## What you have to do
From the material below, reproduce exactly the stretch of lines that begins with the line holding "Tasty candies in" and ends with the line holding "-중고자동차 매매업자를 통해", skipping the pictures.

## Given data

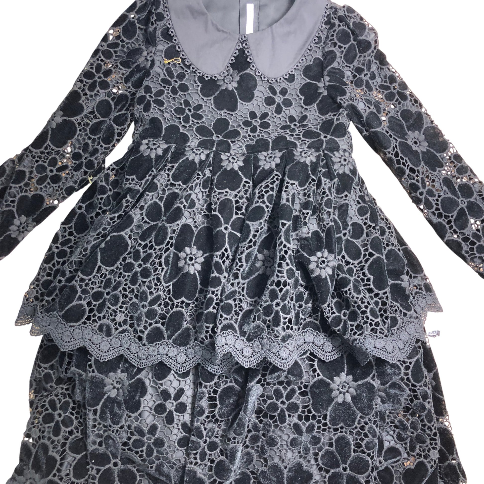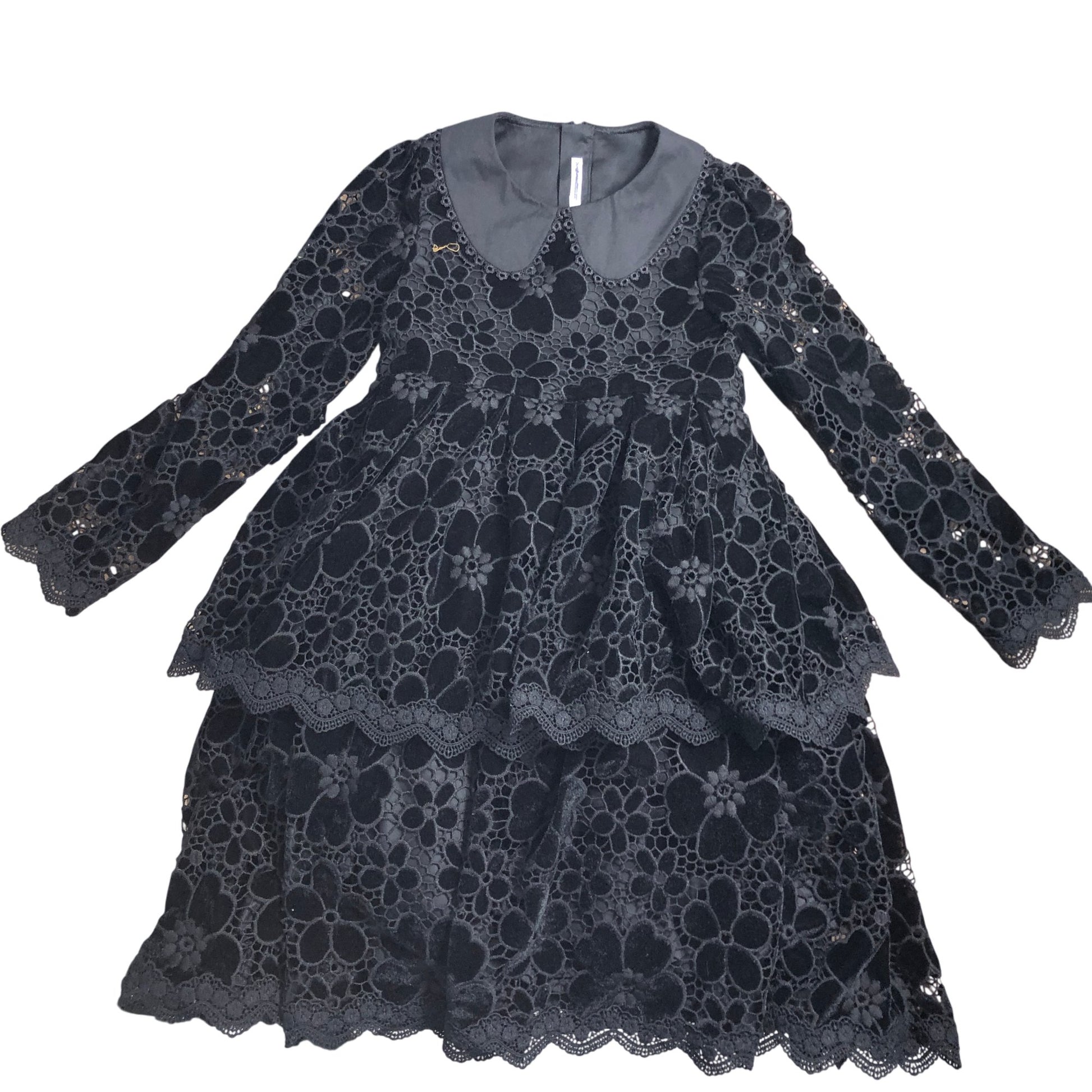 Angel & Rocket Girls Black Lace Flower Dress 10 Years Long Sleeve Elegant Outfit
--
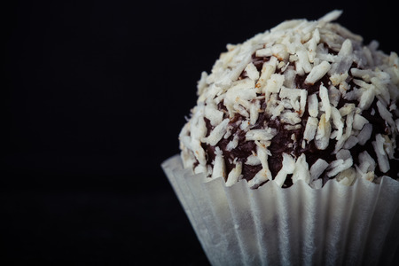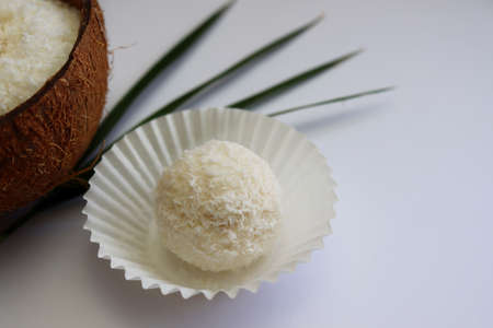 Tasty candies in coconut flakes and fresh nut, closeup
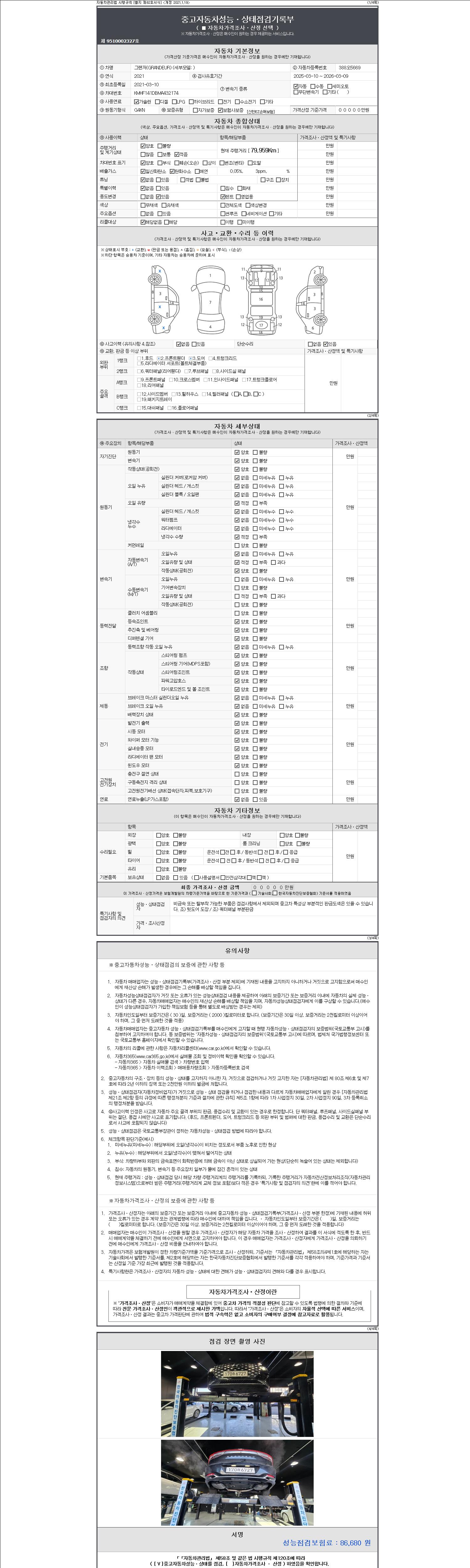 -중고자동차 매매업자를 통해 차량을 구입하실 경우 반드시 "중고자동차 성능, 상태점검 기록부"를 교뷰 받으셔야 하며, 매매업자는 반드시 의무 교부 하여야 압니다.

## The completed task
 Tasty candies in coconut flakes and fresh nut, closeup
 -중고자동차 매매업자를 통해 차량을 구입하실 경우 반드시 "중고자동차 성능, 상태점검 기록부"를 교뷰 받으셔야 하며, 매매업자는 반드시 의무 교부 하여야 압니다.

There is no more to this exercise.